Today, plywood still covers our Confederate Veterans' Monument in Birmingham as it has since August 2017.

This desecration continues, in spite of the Memorial Preservation Act passed by the Republican-controlled Legislature; after two years of taxpayer-paid litigation by Attorney General Steve Marshall; and after Alabama's Supreme Court's decision Nov. 27, 2019, declaring Birmingham violated the law by covering the monument.

The Supreme Court also ruled that cities can pay a one-time fine of $25,000 and violate this law by altering a monument or renaming a street that is named for an historic figure, such as Robert E. Lee or Martin Luther King, Jr., both of whom are honored with a state holiday this Monday.

Marshall maintained that the clear intent of the Legislature was for a $25,000 per day fine for each violation, not a total fine of $25,000.

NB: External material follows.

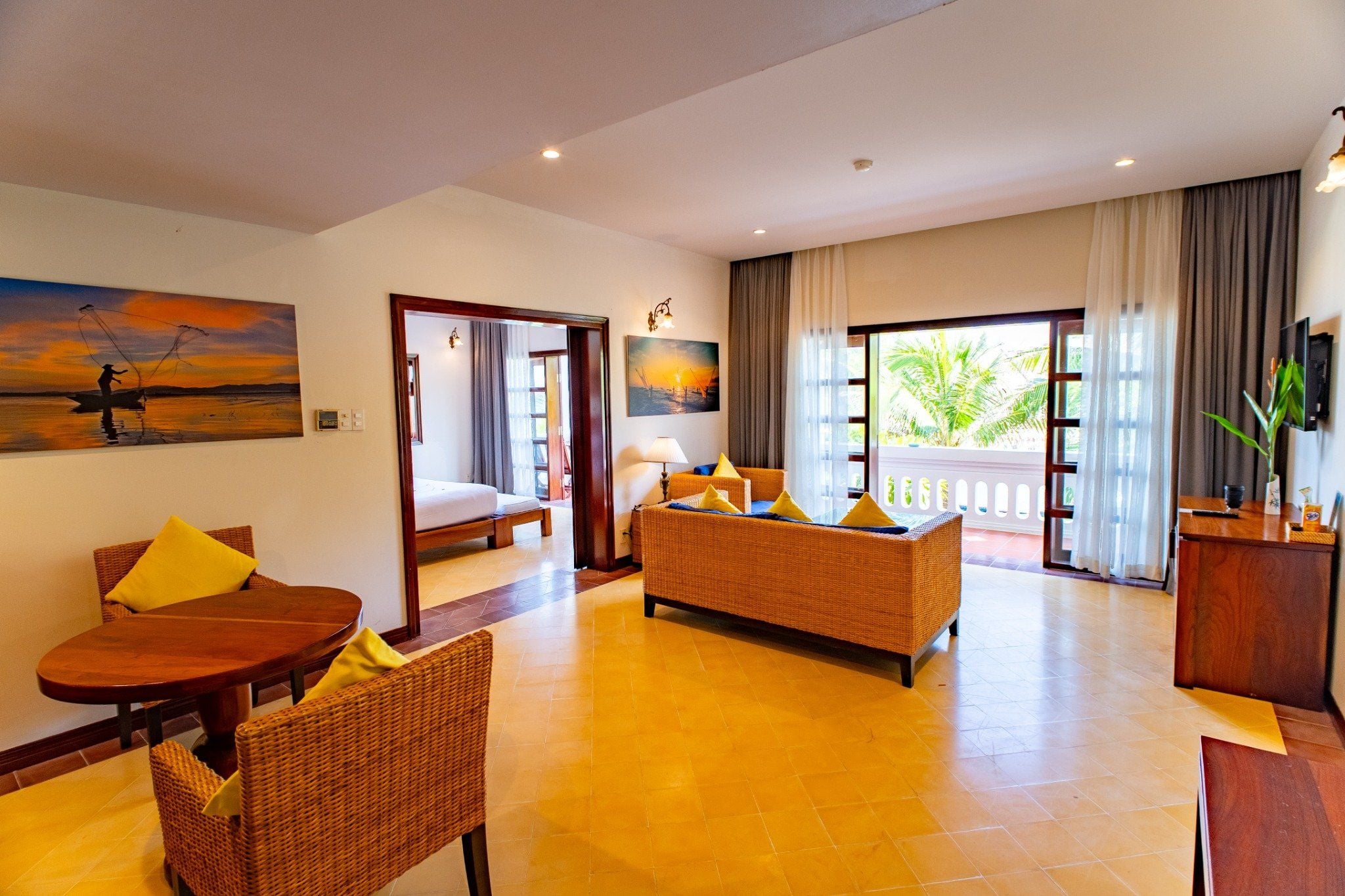 Bạn sẽ bị mê hoặc bởi tầm nhìn bao la ra biển xanh ngát, tạo nên không gian lý tưởng để thư giãn và tận hưởng những khoảnh khắc bên bờ biển, có sẵn 1 giường đôi cỡ lớn

However, the Court ruled: "If the Legislature intended to penalize the City defendants for each day they remained in violation of the Act, it could have specifically so provided, as it has done in numerous other civil Statutes."

Justice Michael Bolin added: "I question whether a fine in the total amount of $25,000 discourages such conduct by a public entity, and I encourage the Legislature to revisit the Act, to consider the adequacy of the amount of the fine. A single fine in this amount for an intentional violation of the Statute, after over two years of litigation, seems to be a minute (insignificant) deterrence for the same or similar future conduct.”

Republican legislators can correct their obvious fumble by amending this Act to read $25,000 per day for each violation. As it is now, Birmingham can pay $25,000 one time and leave the plywood, which simply amounts to a license to destroy history.